--- EXERCISE DIRECTIONS ---
In the entries below, begin at the line that has "Lucknowi Chikankari Men’s Kurta Cream Cotton", stop after the line that has "じゃがいもが終わると、休む間もなくねぎ苗を植える。", and output those lines exactly with no pictures.

--- LISTED RECORDS ---
★ ★ ★ ★ ★ ★ ★
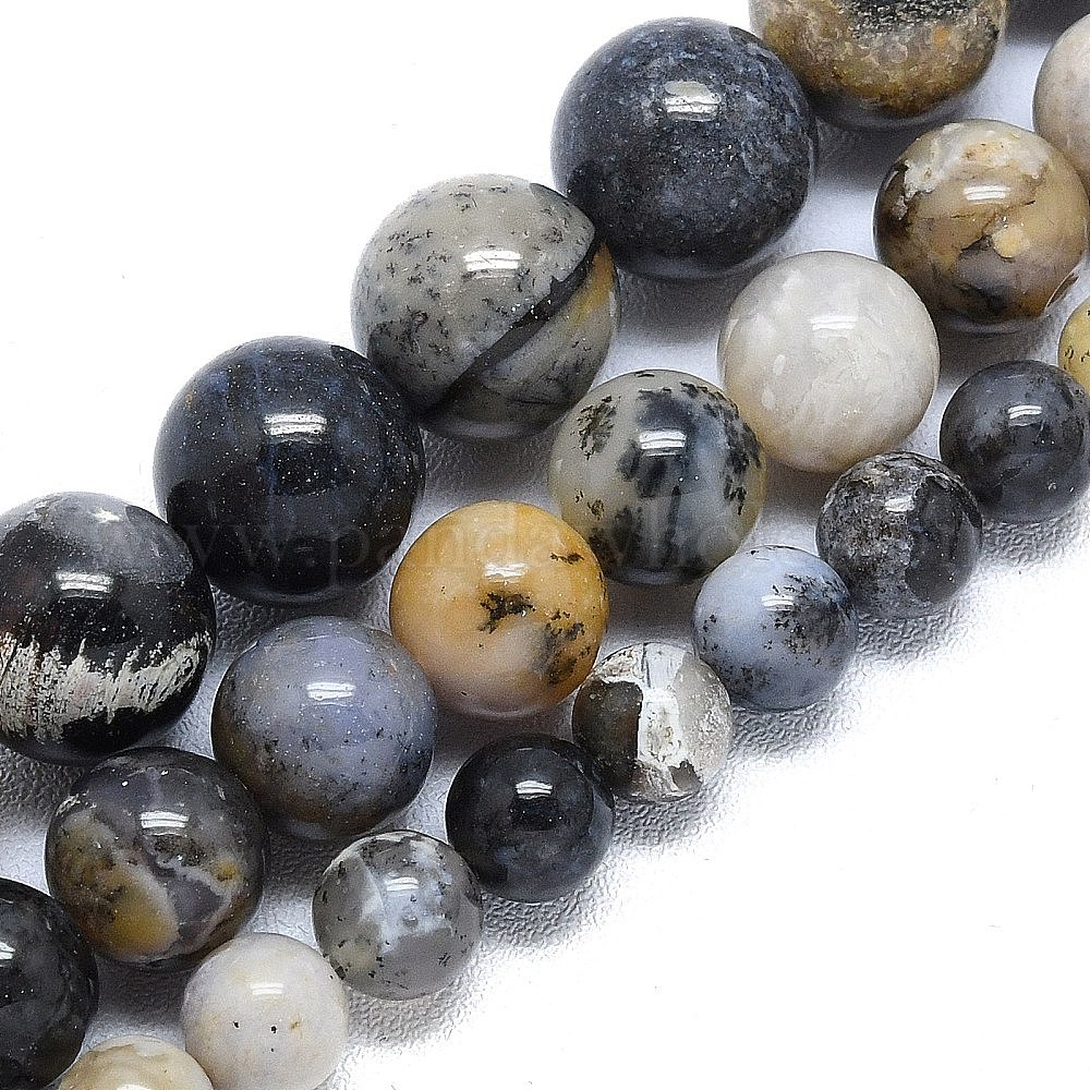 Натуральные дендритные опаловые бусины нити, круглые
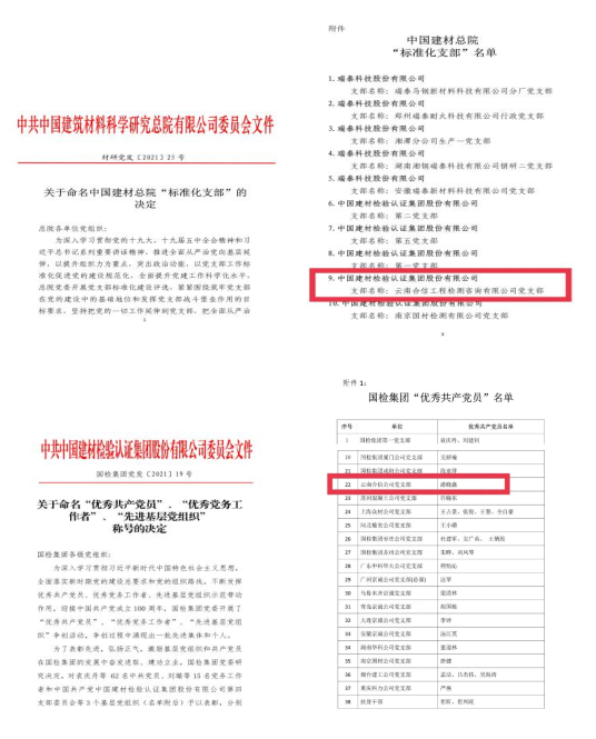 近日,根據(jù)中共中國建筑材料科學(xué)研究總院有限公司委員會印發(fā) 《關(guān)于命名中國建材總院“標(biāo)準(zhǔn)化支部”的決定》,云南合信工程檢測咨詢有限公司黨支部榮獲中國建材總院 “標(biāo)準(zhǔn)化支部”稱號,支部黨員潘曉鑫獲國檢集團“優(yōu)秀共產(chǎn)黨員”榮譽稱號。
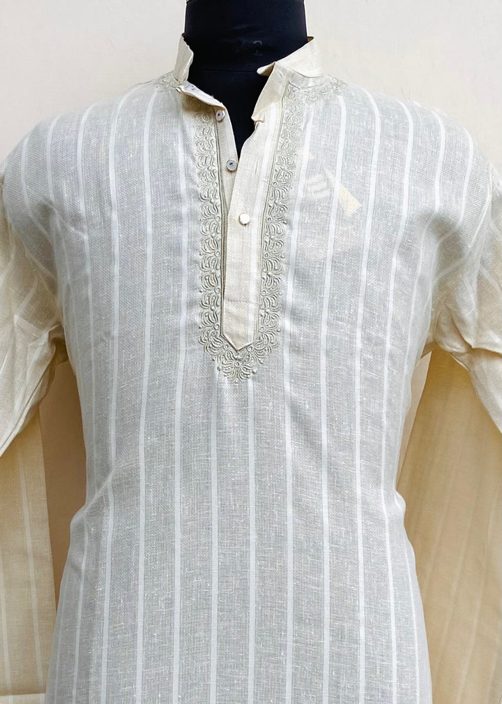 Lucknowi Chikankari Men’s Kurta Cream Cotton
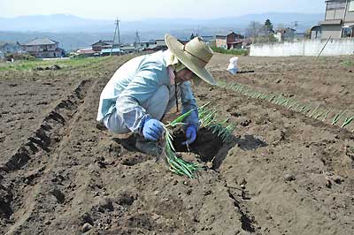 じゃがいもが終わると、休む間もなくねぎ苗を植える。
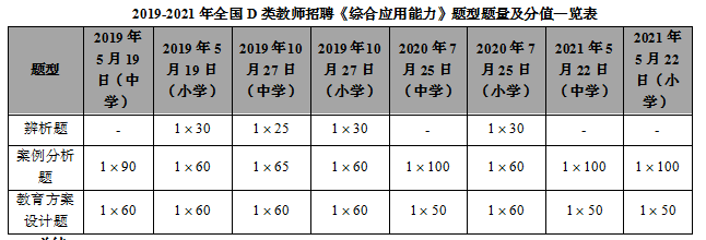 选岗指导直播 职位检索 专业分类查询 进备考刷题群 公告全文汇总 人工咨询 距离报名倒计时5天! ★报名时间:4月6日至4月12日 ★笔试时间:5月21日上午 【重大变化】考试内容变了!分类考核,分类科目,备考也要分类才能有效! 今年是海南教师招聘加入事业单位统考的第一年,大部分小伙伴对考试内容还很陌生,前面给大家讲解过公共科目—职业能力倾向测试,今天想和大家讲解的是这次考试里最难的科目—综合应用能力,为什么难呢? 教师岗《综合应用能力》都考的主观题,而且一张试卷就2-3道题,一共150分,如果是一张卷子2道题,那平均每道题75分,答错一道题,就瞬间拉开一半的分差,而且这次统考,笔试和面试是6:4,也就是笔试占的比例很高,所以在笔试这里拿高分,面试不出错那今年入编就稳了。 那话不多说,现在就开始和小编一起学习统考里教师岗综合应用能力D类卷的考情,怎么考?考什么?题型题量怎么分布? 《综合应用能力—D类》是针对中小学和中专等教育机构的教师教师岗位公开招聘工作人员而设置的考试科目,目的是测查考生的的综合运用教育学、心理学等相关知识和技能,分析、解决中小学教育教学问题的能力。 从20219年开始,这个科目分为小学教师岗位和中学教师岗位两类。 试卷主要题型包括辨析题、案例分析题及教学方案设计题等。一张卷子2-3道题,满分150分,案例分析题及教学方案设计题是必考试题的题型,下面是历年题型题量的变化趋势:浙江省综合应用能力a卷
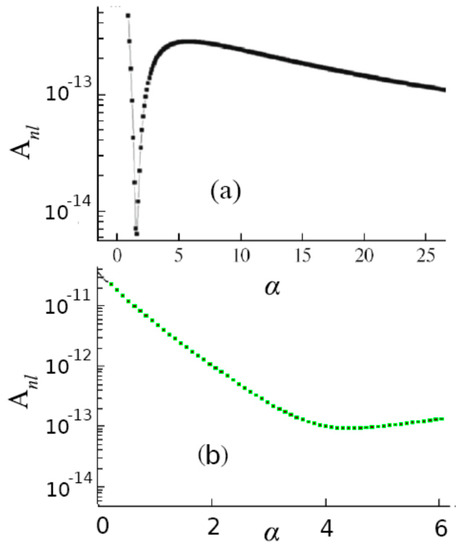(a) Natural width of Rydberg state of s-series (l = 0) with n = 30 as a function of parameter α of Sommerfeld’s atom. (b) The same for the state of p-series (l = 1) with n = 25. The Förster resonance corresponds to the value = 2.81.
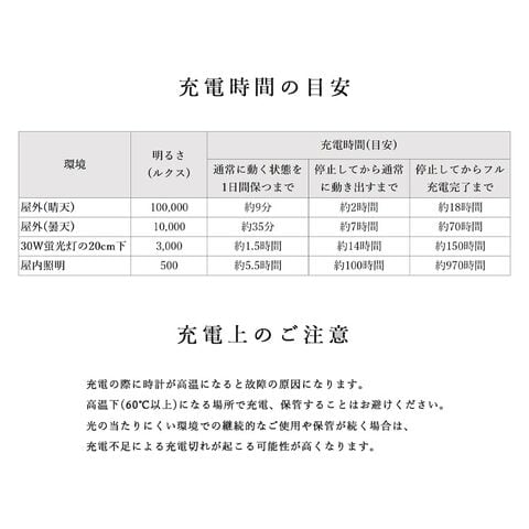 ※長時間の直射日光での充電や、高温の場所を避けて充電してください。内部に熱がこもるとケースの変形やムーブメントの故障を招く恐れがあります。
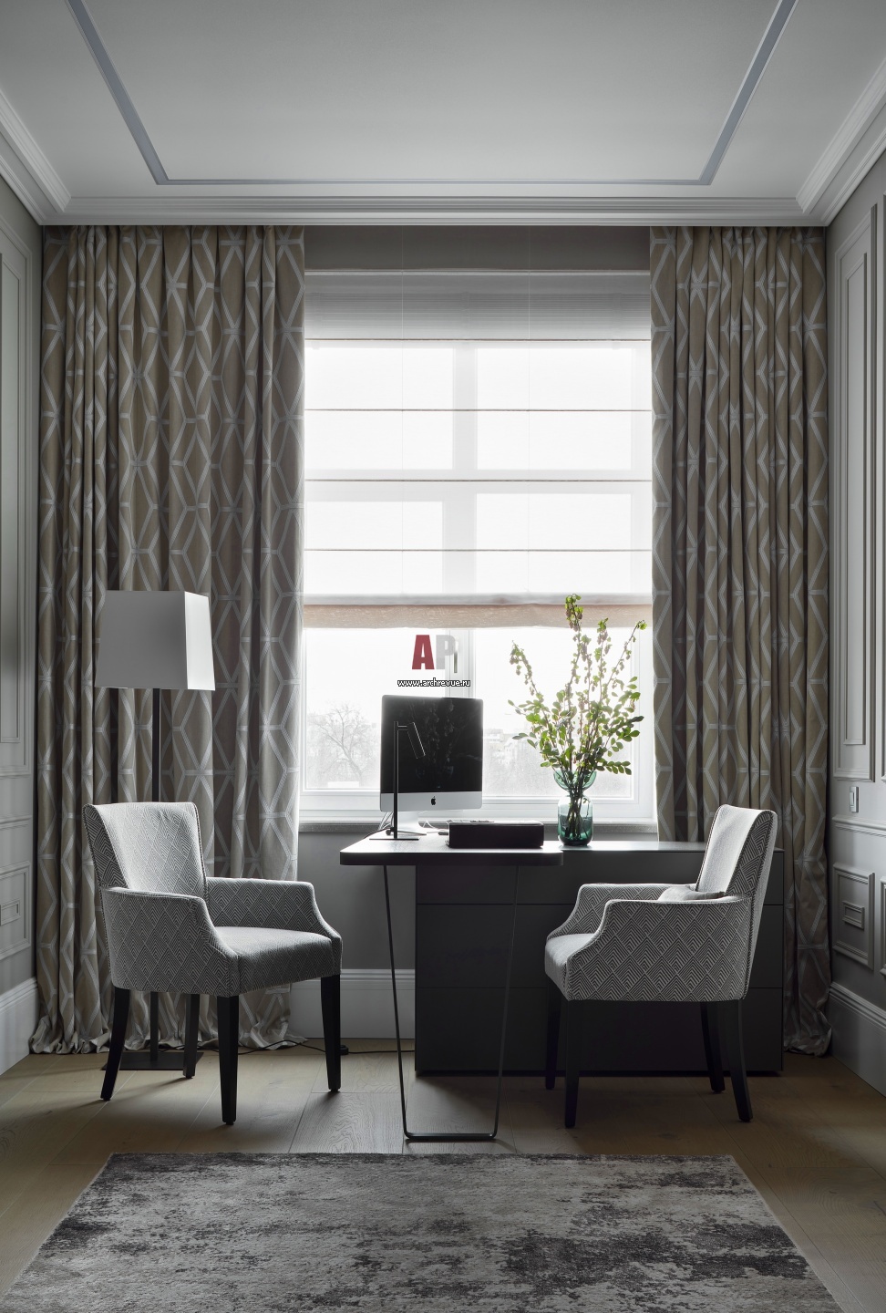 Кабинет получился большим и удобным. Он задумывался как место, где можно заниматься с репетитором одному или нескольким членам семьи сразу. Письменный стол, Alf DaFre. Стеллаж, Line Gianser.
★ ★ ★ ★ ★ ★ ★
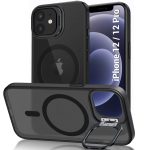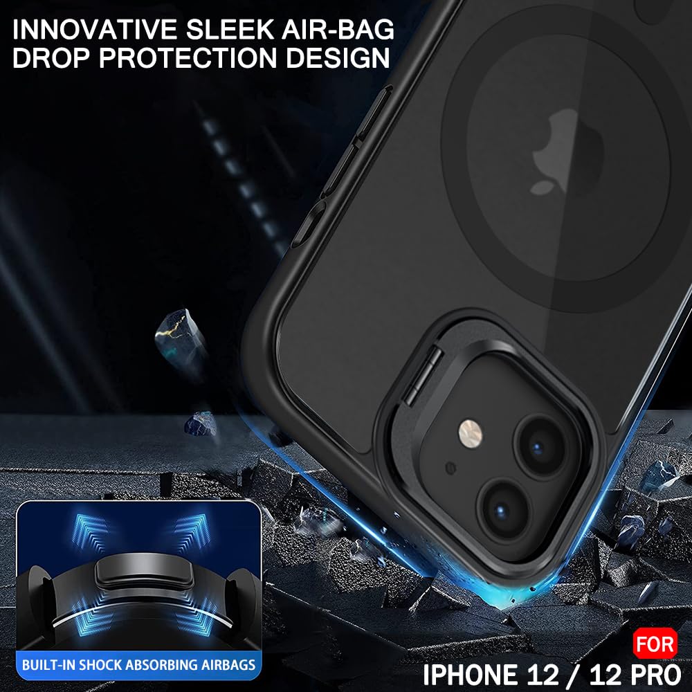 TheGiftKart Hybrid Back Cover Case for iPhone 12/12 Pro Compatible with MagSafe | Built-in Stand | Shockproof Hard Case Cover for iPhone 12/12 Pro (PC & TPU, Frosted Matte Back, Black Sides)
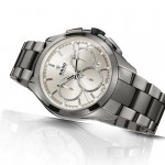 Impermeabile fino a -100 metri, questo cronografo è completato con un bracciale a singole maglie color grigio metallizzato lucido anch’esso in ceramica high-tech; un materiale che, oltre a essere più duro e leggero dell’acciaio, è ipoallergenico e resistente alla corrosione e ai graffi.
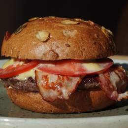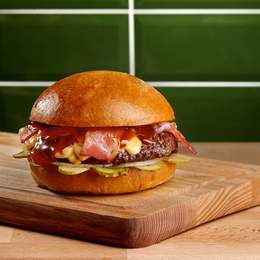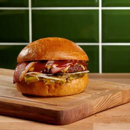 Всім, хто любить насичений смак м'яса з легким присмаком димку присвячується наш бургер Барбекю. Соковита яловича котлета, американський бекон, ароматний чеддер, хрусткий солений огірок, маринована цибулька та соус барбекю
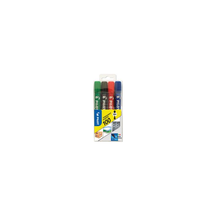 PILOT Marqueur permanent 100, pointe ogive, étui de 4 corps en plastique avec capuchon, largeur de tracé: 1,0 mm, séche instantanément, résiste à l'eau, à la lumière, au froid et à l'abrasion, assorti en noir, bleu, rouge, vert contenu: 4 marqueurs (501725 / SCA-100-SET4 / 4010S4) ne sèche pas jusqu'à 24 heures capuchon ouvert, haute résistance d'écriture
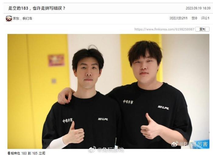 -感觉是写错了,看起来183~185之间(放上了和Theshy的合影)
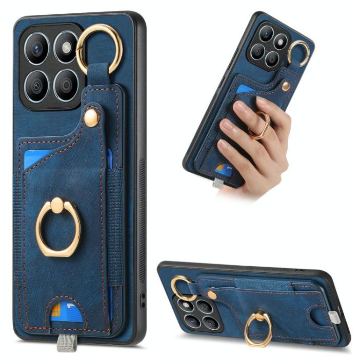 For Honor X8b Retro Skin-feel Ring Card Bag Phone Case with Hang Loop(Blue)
★ ★ ★ ★ ★ ★ ★
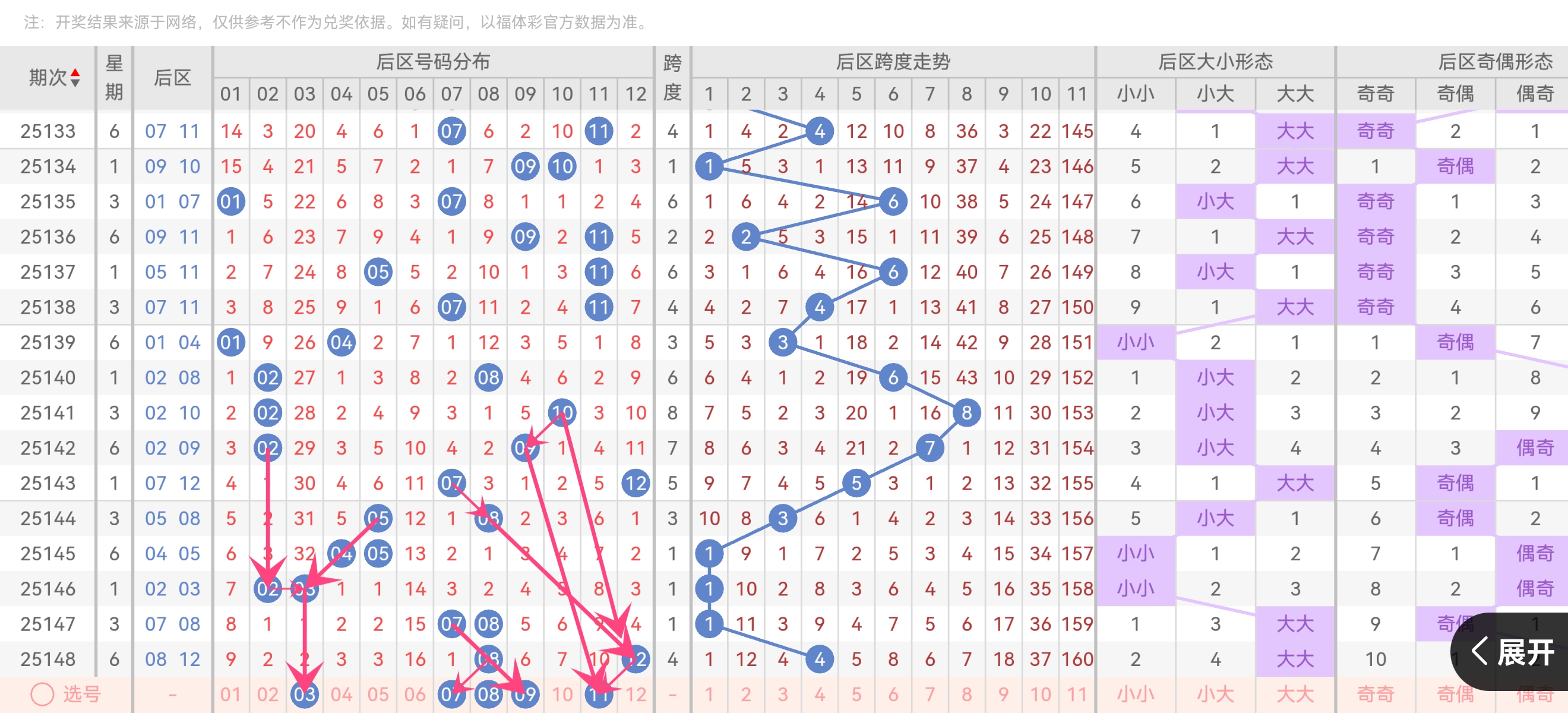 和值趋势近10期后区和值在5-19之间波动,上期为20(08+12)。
★ ★ ★ ★ ★ ★ ★
--- RESPONSE AREA ---
 Lucknowi Chikankari Men’s Kurta Cream Cotton
 じゃがいもが終わると、休む間もなくねぎ苗を植える。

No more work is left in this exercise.